### WHAT YOU NEED TO DO
The answer must consist only of the lines in the records below from the line with "インドのアーティスト、ヘマ・" to the line with "in oro giallo", both included, copied word for word with every picture left out.

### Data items

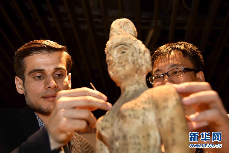 6月12日,在青岛举行的博鳌亚洲论坛全球健康论坛大会中医体验区,安晨(左)在青岛西海岸新区中医医院医师的指导下体验针灸技法。新华社记者 郭绪雷 摄
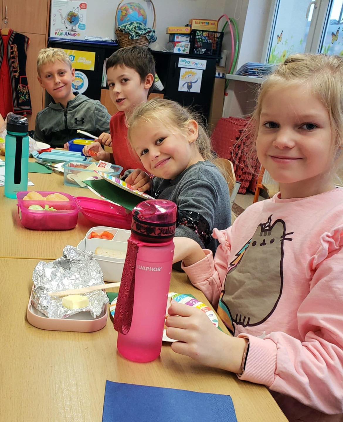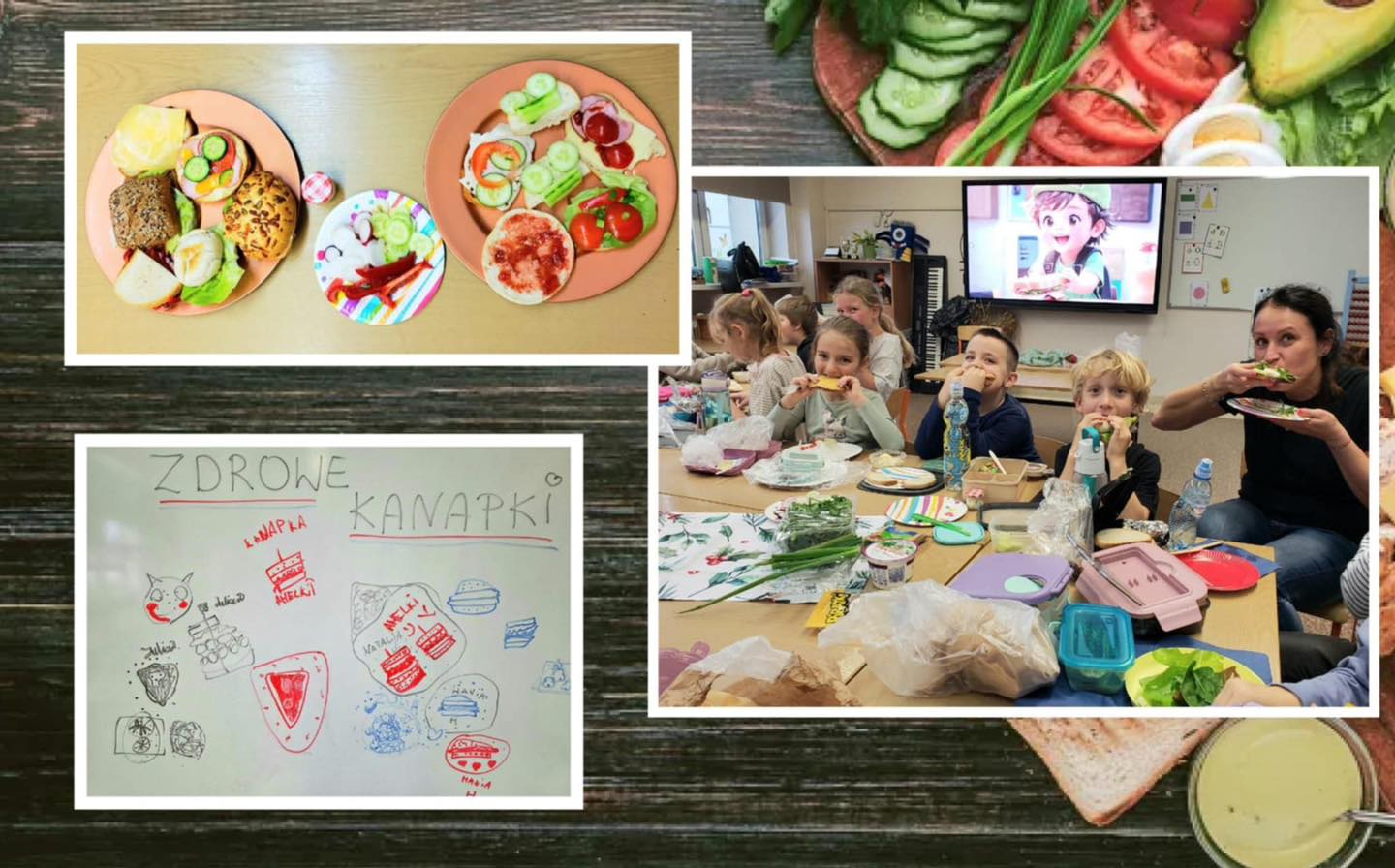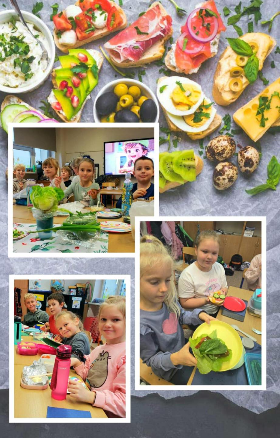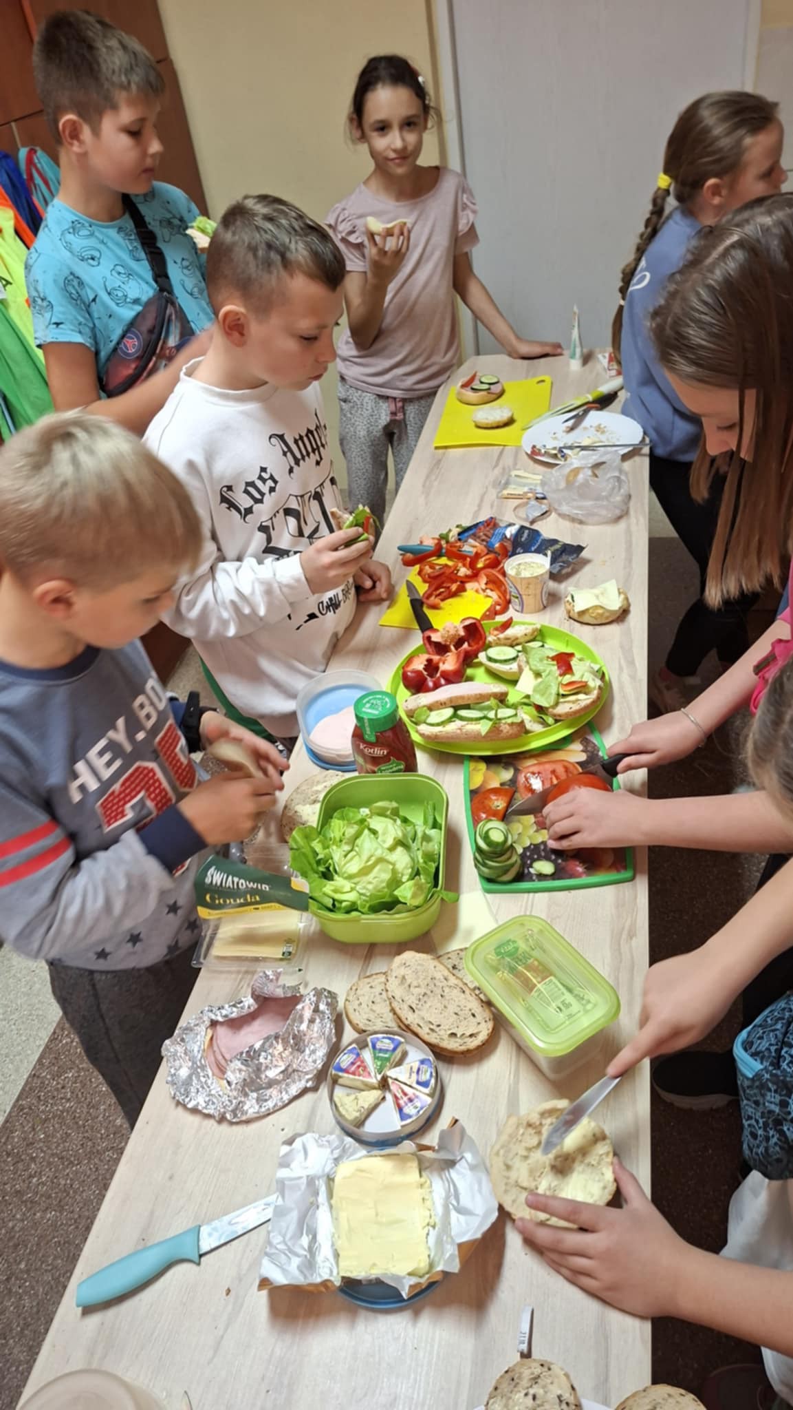 29.10.2025 r. uczniowie z klas: 4a, 4b oraz 5b w ramach zajęć z edukacji zdrowotnej przygotowali pyszne, kolorowe kanapeczki. Jak widać zajęcia o tematyce żywieniowej w formie praktycznej, sprawiły uczniom mnóstwo radości.
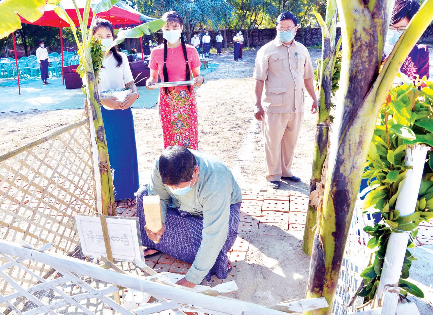 အခမ်းအနားတွင် နေပြည်တော် ကောင်စီဝင် ဦးတင်ထွန်းနှင့် တာဝန်ရှိသူများက ပန္နက်ကိုးချက် တင်၍ အမွှေးနံ့သာရည်များ ပက်ဖျန်းပေးကြ သည်။
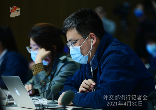 汪文斌:根据2021年五一劳动节假期安排,外交部例行记者会将于5月1日至5日休会,6日恢复。休会期间,外交部发言人办公室照常接受记者传真、电子邮件或微信提问。
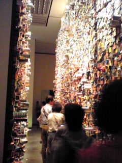 インドのアーティスト、ヘマ・ウパディヤイの作品。街のミニチュア模型で、かつて小学校の学習発表会で自分の街のミニチュアを作ったことを思い出した。小学生の作品と違うのは、混沌とした町並みを、細い通路の両脇に縦に並べて見せるというアイデア。鑑賞者は否応なく奇妙な圧迫感にさらされる。街がひしめき合うオブジェのかたまりに見えてくると同時に、細部を見るとやはり生活感漂う懐かしい空間であり、両者相まって、不思議なエネルギーを感じさせてくれる。
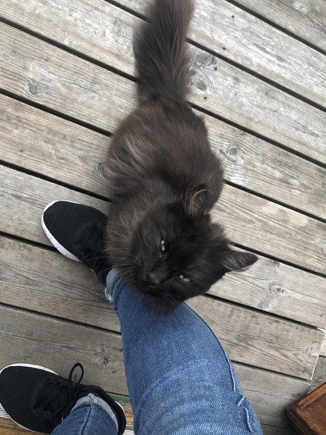 Katten virker sulten, pratesyk og kosesyk. Har observert katten før. En del flått på bakhodet. Katten har svart pels med grå underpels og grønne øyne. Vi tror det er en hannkatt men ikke helt sikker.
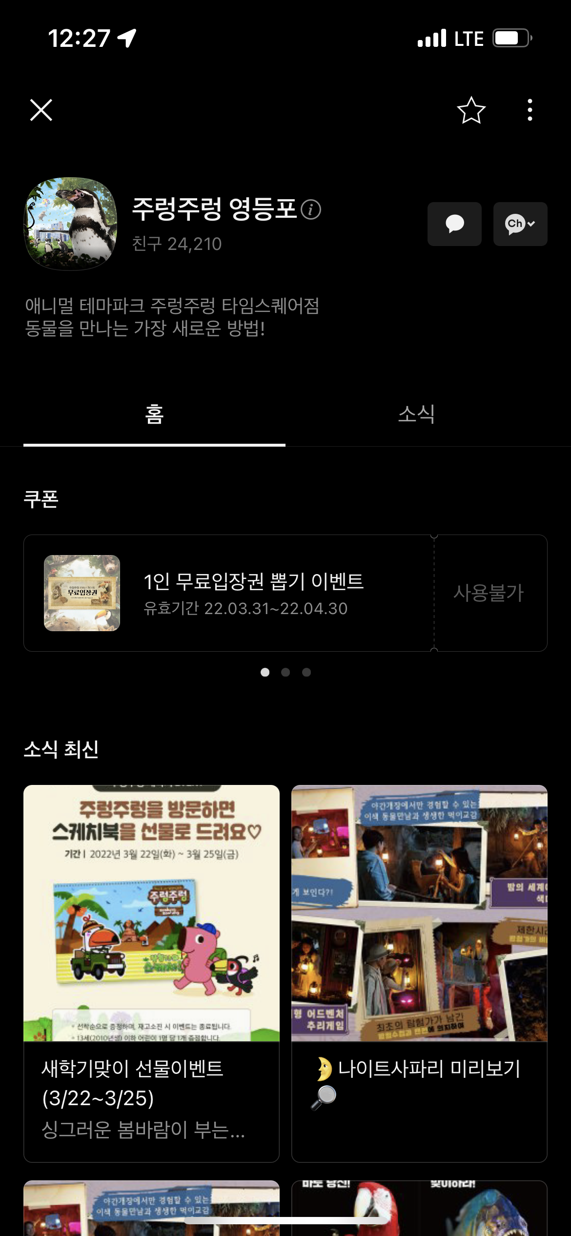 보니까 카카오톡에서 주렁주렁을 친구추가하면 1인무료입장권 뽑기 이벤트를 매달 하는데 확률이 50%라고 한다. 그래서 했지만 아쉽게 당첨되지는 않았다. (매달 한다고 하니 추천한다)
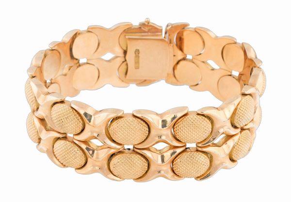 in oro giallo 750/000 a doppio giro di maglie semi rigide con snodi a scomparsa, g 47,00.
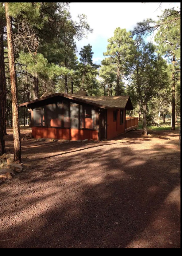 Stay in a rural, cozy cabin just 30 minutes south of Route 66. The Petrified Forest as well as local lakes, streams, and the White Mountains are just a short drive away. Situated amongst pine trees, this private, single-level guesthouse for 2 (plus 1 infant) offers comfort, privacy, and a taste of nature. Your 30-pound or less, well-behaved dog is welcome and will enjoy a fenced yard. A microwave, frig, Keurig, toaster oven, and outdoor griddle are provided for your convenience.
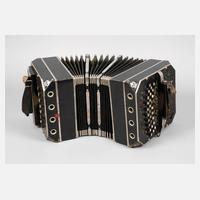 1. Hälfte 20. Jh., rüsterfurniertes Gehäuse, mit vernickelten Metallteilen und Druckknöpfen aus Bein bzw. Perlmutt, von Ornamentpapier beklebter Blasebalg, intakt, Alters- und Gebrauchsspuren, im Etui, mit handschriftlichem Notenbuch, L Etui 45 cm.

### TASK RESPONSE
 インドのアーティスト、ヘマ・ウパディヤイの作品。街のミニチュア模型で、かつて小学校の学習発表会で自分の街のミニチュアを作ったことを思い出した。小学生の作品と違うのは、混沌とした町並みを、細い通路の両脇に縦に並べて見せるというアイデア。鑑賞者は否応なく奇妙な圧迫感にさらされる。街がひしめき合うオブジェのかたまりに見えてくると同時に、細部を見るとやはり生活感漂う懐かしい空間であり、両者相まって、不思議なエネルギーを感じさせてくれる。
 Katten virker sulten, pratesyk og kosesyk. Har observert katten før. En del flått på bakhodet. Katten har svart pels med grå underpels og grønne øyne. Vi tror det er en hannkatt men ikke helt sikker.
 보니까 카카오톡에서 주렁주렁을 친구추가하면 1인무료입장권 뽑기 이벤트를 매달 하는데 확률이 50%라고 한다. 그래서 했지만 아쉽게 당첨되지는 않았다. (매달 한다고 하니 추천한다)
 in oro giallo 750/000 a doppio giro di maglie semi rigide con snodi a scomparsa, g 47,00.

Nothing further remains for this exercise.